Il lève timidement le doigt pour dire : j’existe.
(T. Tonello, ddm)
LE SILENCE QUI DEVIENT PAROLE
Nous parcourons de nouveau notre histoire ensemble
pour porter à la lumière et à la mémoire
les faits et les prodiges qui ont eu lieu
et la longue épreuve qui les a précédés.
Nuit de grâce
Dans la cathédrale d’Alba, un séminariste de seize ans
reste quatre heures en adoration.
Il sent le devoir de faire quelque chose pour l’humanité,
pour le nouveau siècle qui va naître.
Nuit de grâce pour le jeune Alberione.
Le Maître lui inspire une mission nouvelle.
Il reconnaît sa pauvreté mais il a la certitude
de recevoir de l’Eucharistie la force et la lumière
Il n’a plus de doutes et c’est avec élan et ferveur
qu’il dit : “Je suis prêt, me voici, Seigneur!”.
Et sous la direction du Chanoine Chiesa,
il entreprend courageusement la difficile montée.
Il imagine déjà une foule immense
d’âmes choisies, dédiées à l’apostolat,
pour opposer à la mauvaise presse, si répandue,
ce même moyen, mais dans un but édifiant.
Une histoire dans l’histoire
La Société Saint Paul naît le 20 août 1914
dans une grande pauvreté, comme à Bethléem.
Saint Paul est choisi comme modèle et protecteur.
Alberione dit : “C’est lui le fondateur!”
Don Giaccardo est le préféré parmi les premiers
et il est choisi avec le nom de Timothée.
C’est à lui que le Père confie ses craintes,
ses secrets, ses joies et ses souffrances…
Un jour, il lui révèle l’intuition qu’il a
de placer à la base de son institution
des personnes qui intercèdent devant l’Eucharistie,
au service de l’Église, du Sacerdoce et de la Liturgie.
À partir de 1908, il prie et demande de prier
pour que le Seigneur lui indique sa volonté.
Il est sûr que le plan de Dieu doit se réaliser,
mais les contrariétés le font patienter.
Toutefois, avant la fin de 1923,
il choisit parmi les Filles de Saint Paul deux jeunes
qu’il met à part des autres; comme Barnabé et Saul.
Ce sont Ursule et Méthilde qu’il a réservées pour lui
On ne peut encore rien imaginer
mais l’heure de Dieu presse, c’est le temps de commencer.
Curieuses, elles demandent alors :
“Que ferons-nous? S’il nous choisit, où nous envoie-t-il?”
Mais comme pour un mystère
le Théologien répond: “Silence, silence, silence”.

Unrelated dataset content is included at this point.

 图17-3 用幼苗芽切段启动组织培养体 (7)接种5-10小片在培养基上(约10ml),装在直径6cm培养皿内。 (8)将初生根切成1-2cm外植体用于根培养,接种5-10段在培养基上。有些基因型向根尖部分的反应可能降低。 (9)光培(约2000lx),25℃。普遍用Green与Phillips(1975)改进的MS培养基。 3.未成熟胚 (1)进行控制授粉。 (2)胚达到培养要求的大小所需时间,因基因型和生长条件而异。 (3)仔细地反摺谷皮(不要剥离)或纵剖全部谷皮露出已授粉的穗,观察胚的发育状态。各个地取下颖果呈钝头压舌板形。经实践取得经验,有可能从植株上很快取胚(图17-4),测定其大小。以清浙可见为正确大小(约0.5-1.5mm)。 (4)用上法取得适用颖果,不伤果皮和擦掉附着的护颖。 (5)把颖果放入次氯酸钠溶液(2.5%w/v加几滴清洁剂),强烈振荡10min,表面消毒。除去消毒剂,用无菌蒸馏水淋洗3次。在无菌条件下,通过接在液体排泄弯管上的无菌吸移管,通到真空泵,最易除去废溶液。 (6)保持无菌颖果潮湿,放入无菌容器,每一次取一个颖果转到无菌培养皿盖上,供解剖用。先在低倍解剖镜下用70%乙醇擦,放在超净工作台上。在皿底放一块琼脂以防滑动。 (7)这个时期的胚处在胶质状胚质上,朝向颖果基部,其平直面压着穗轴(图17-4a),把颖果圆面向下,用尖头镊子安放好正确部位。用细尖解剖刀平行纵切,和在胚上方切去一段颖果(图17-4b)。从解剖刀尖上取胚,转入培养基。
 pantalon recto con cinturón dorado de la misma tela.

“Votre vocation est belle et grande
et votre mission sera féconde dans le silence”.
Ainsi commence “l’histoire dans l’histoire”

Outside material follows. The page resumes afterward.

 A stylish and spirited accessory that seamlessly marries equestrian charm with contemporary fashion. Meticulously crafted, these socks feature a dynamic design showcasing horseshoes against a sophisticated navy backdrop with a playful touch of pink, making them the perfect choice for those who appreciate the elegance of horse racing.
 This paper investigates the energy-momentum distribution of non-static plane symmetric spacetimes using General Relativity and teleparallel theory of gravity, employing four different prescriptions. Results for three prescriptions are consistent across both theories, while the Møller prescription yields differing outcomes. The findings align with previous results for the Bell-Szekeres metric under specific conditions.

écrite dans le cœur et dans la mémoire
des deux premières qui s’en remettent à la réalité nouvelle
avec beaucoup d’humilité.
Mais le petit groupe compte bientôt huit membres.
Il se nourrit de foi, d’obéissance et de prière.

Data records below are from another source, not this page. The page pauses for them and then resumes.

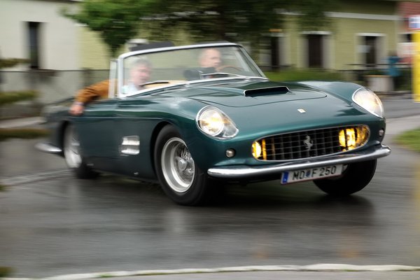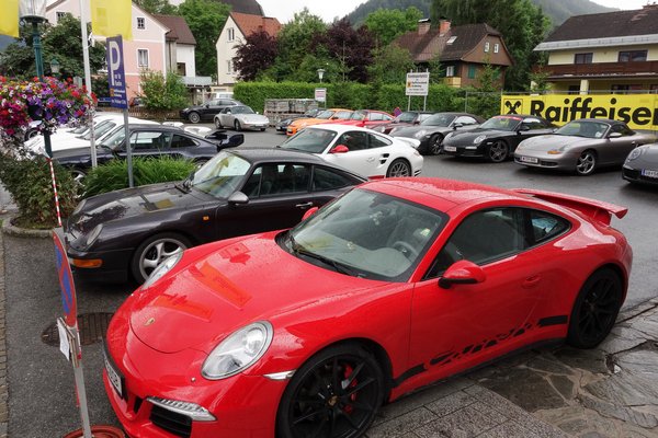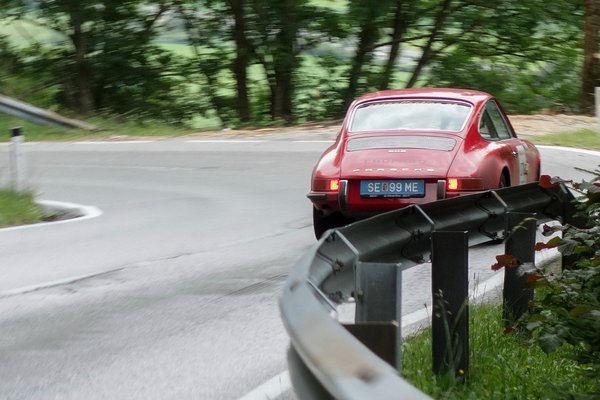 Szemerkél az eső, de rajtam a szuper vízálló motoros ruha, fejemen a felhajtható állú sisak, az út szélén álló bámészkodókhoz képesti, korábbi hendikepem, hogy ennyire be vagyok öltözve, hirtelen behozhatatlan előnnyé válik. Ezernyi Porsche 356-os zúz el gépem előtt, vannak köztük nagyon koraiak, nagyon négyvezértengelyes, Fuhrmann-motorosak, aztán a 911-esek és deriváltjaik, közéjük szúrva Ferrarik, Lotusok, Alfák.
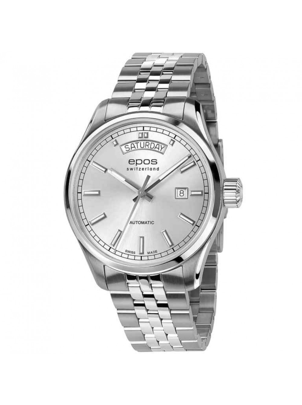 Швейцарские, наручные механические часы EPOS с автоподзаводом. Коллекция Passion. Прозрачная задняя крышка, люминисцентные стрелки. Корпус из нержавеющей стали. Сапфировое стекло. На браслете.
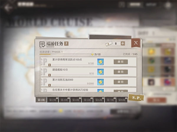 另一个则是S.P.任务,它是一组特殊任务,从活动开始后会直接处于全部解锁状态,它大部分都是累计任务,因为一开始任务就解锁了,所以玩家有两个月的时间来完成这些任务,难度算是很轻松了。巡游任务在解锁后后自动接取,满足任务完成条件时,会自动完成并获取对应奖励。
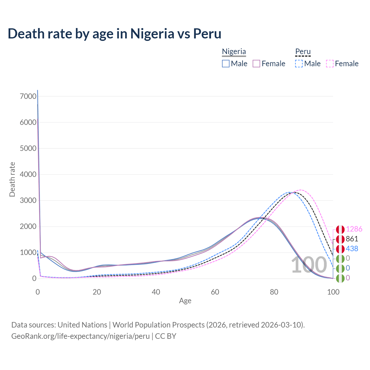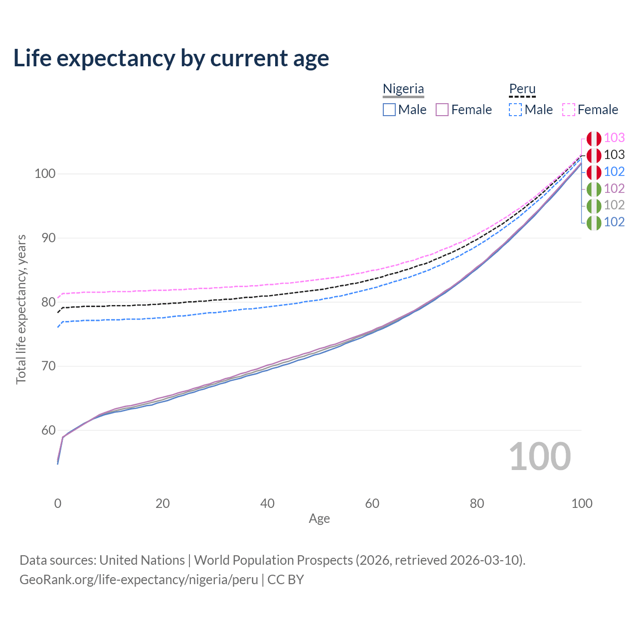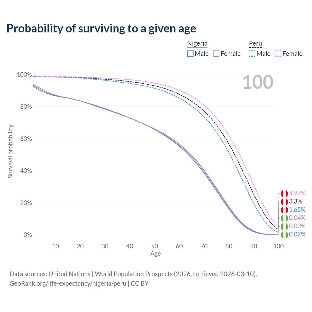 This life expectancy calculator shows the odds of living to 100, 95, 90, and below based on current age for both males and females in Nigeria and Peru, along with mean and median age of death. The calculations are based on the 2026 life tables (actuarial tables) from the UN World Population Prospects.
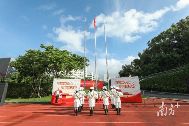深圳大学举行“青春不负,强国有我”主题升旗仪式。迎着朝阳,国旗仪仗队步伐铿锵。五星红旗迎风招展、冉冉升起,全体师生面向国旗肃立致敬、行注目礼。
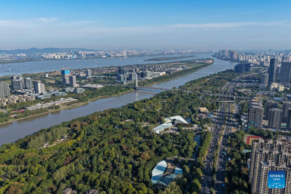 An aerial drone photo shows a panoramic view of vessels sailing along the Yangtze River in Nanjing, east China's Jiangsu Province, Nov. 2, 2023.
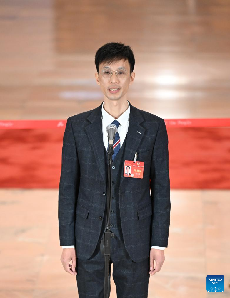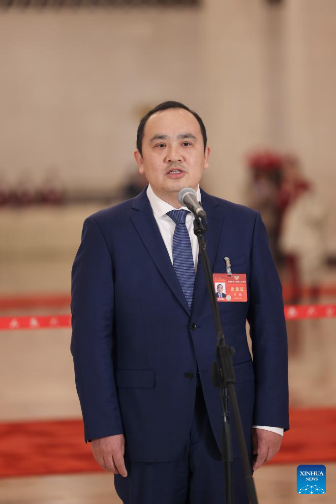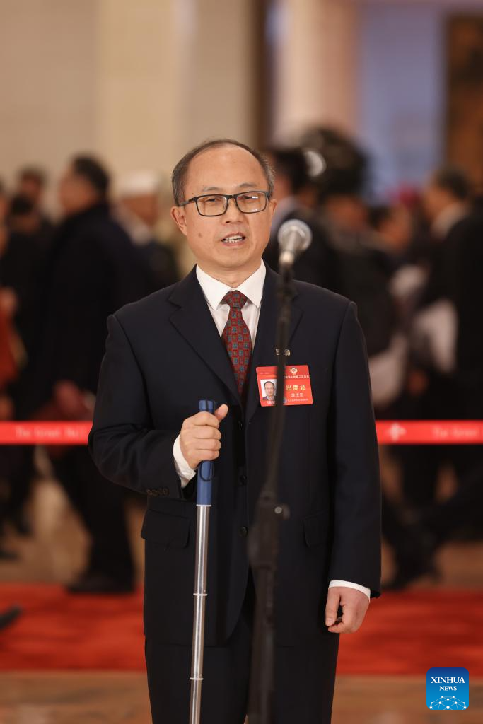 Li Qingzhong, a member of the 14th National Committee of the Chinese People's Political Consultative Conference (CPPCC), is interviewed ahead of the opening of the second session of the 14th CPPCC National Committee at the Great Hall of the People in Beijing, capital of China, March 4, 2024. (Xinhua/Xing Guangli)
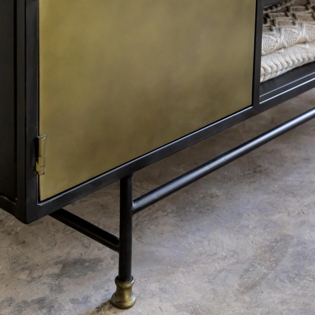 A la fois atypique et tendance, ce meuble TV sort du lot. Osez l’association entre le laiton et le métal noir, duo parfait ! Osez les nuances lumineuses et dorées du laiton. Craquez pour ce piétement bourré de charme en laiton ! Osez et craquez pour cette pépite !

Et le 10 février, comme une surprise,
le voilà réuni dans l’église.
C’est la mémoire de Sainte Scholastique, sœur de Benoît.
Le Seigneur a dit “voici le jour!”
Au nom du Seigneur, les huit partent ainsi,
dociles, obéissantes au père Fondateur.
Le 25 mars, solennité de l’Annonciation,
c’est la prise d’habit.
Elles reçoivent le nom de DISCIPLES DU DIVIN MAÎTRE
comme programme du chemin à parcourir,
avec la mission d’imiter, de suivre Marie
et d’obtenir des grâces au monde devant l’Eucharistie;
d’être la “racine” qui donne grâce et nourriture
à tous les frères, à chaque instant et toujours.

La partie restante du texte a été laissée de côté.